WASHINGTON — Open Markets in recent years has repeatedly urged the U.S. government to do a better job of understanding how the Chinese state uses Chinese and foreign corporations to spread its influence and power abroad. As senators from both parties have made clear, the Chinese-owned video app TikTok poses a variety of potential threats to the security of the United States and of individual U.S. citizens. Open Markets believes that one option for dealing with the threat – an outright ban on TikTok’s operations, similar to last week’s action in India – would be unfair to TikTok users. Instead, Open Markets supports efforts by the U.S. government to require TikTok’s parent corporation to sell the app to a U.S. ownership team.

Open Markets does not endorse the sale of TikTok to Microsoft. Open Markets believes the U.S. government can easily find many smaller companies and other investors who would happily purchase TikTok. Further, Open Markets believes that the government must accompany any such action by establishing a system of clear rules designed to address the fundamental flaws in U.S. competition and trade policy that allowed this problem to arise in the first place. 
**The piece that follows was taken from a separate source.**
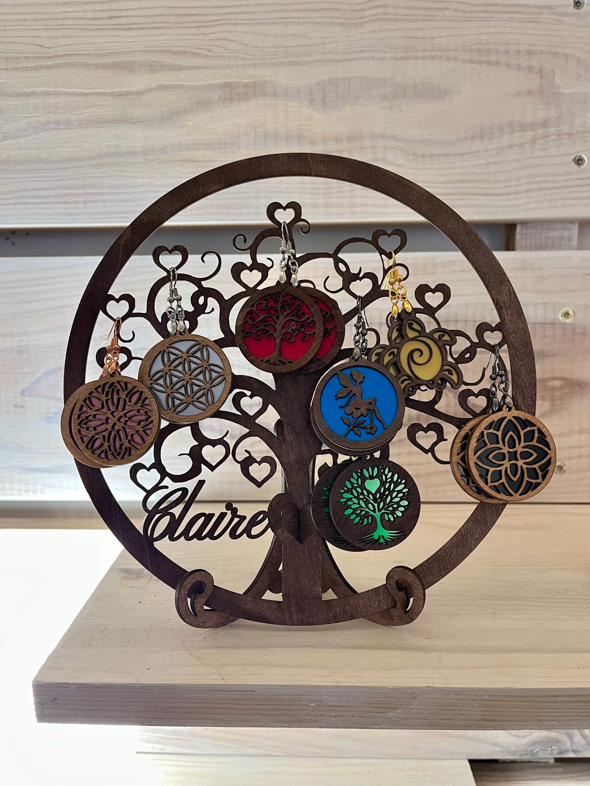 Mettez en valeur vos boucles d’oreilles avec ce support à poser en bois, élégant et personnalisable.

The Open Markets Institute urges the U.S. government to immediately take the following actions in addition to forcing the sale of TikTok:

  • Enact a coherent plan to ensure that all U.S. corporations – including Disney, Nike, Apple, and Microsoft – structure their operations to eliminate all Chinese political influence over their statements and actions.

  • Enact a coherent plan to ensure that all corporations that collect data on U.S. citizens store that data in the United States.

If the U.S. government, for whatever reason, decides the only safe way to proceed is to force the sale of TikTok to Microsoft, Open Markets demands the following conditions be put on any such deal:

  • Microsoft must certify publicly that it does not and will never again censor Chinese-language Bing searches initiated in any nation other than China.

  • Microsoft must certify publicly that it stores within the borders of the United States all data collected on all U.S. citizens living anywhere in the world.

  • Microsoft must certify publicly that it does not and never will transfer into China data about any citizen of any nation other than China.

  • Microsoft commits to spinning off TikTok as an independent, U.S.-based corporation within two years.